Shia LaBeouf has hitchhiked from Colorado to Minnesota for art. I interrupt your regularly scheduled programming to give you this momentary update on actor/performance artist Shia LaBeouf’s whereabouts. For his latest project, #TAKEMEANYWHERE, he’s been asking the locals in the Boulder, Colorado area to give him rides to wherever they feel like. Apparently, the project has taken LaBeouf and collaborators Nastja Rönkkö and Luke Turner across state lines and all over the country, from New Orleans to Chicago and even up near the Canadian border to the tiny town of Manitowoc, Wisconsin.
The Smithsonian is definitely going to London. The Smithsonian Institution has confirmed that it plans to open a London location at the site of the 2012 Olympic games, but “This would not be a ‘Smithsonian outpost in London’,” secretary David Shorten said in a statement. Rather, the museum will share a building with the Victoria & Albert Museum.
Seller of The Scream to open Norway museum to show other works by Munch he didn’t sell. What will shipping heir Petter Olsen do with the $120 million he earned back in 2012 from selling one of the world’s most famous artworks, Edvard Munch’s The Scream? He plans to open a museum in Ramme, Norway in 2017 where he will show other works by the artist from his collection.
Just an FYI, there’s a climbing wall made of penises at the New Museum. Andra Ursuta’s exhibition “Alps” features a giant climbing wall where the rocks are all shaped like dicks, and pretty impossible to scale. Giggle if you want, but it’s a pretty serious metaphor for survival in this male-dominated world. The show closes soon, on June 19, so catch it while you can.

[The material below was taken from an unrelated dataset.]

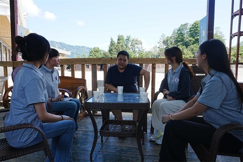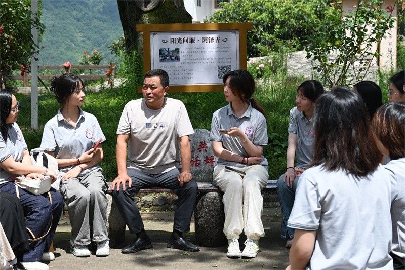 故地重游,收获新知。时隔一年,实践团再次来到石椅羌寨,深入挖掘石椅村乡村振兴与共同富裕的发展道路。在皂树下的访谈中,石椅羌寨陈继述副主任向实践团详细介绍了村寨发展现状:特色农产品品牌建设成效显著,枇杷、脆李和“苔子茶”已形成品牌效应;旅游业与农业深度融合,游客采摘活动既聚拢人气又促进销售。更令人振奋的是,石椅村创新基层人才培养机制,通过专业化培训和学历要求,吸引年轻力量投身乡村建设。实践团成员魏禹如深有感触地表示:“这次重访不仅让成员们深入了解村史,更生动展现了乡村振兴的新模式与红色担当。”

Economist behind annual TEFAF Art Market Report will write for Art Basel now. Clare Mcandrew has published the go-to source for information on the art market for The European Fine Art Fair for the past eight years. Now, she’s making a move to Art Basel and will publish her next study in time for the Hong Kong event in March 2017.
Ryan McGinley’s book picks to “sex up your coffee table.” McGinley, who GQ calls “arguably the most influential visual artist working today,” recommends everyone own these five books by Danny Lyon, Catherine Opie, Philippe Halsman, David Armstrong and Harmony Korine.
A smoking pink hot tub in Queens charts the price of gold. Artist Mika Tajima’s temporary installation Meridian (Gold) in Long Island City invites the public to sit inside a misty bowl that changes colors in real time with the fluctuations of the price of gold from magenta to blue. “It’s a place to commune over things that can’t be quantified,” Tajima told the Wall Street Journal.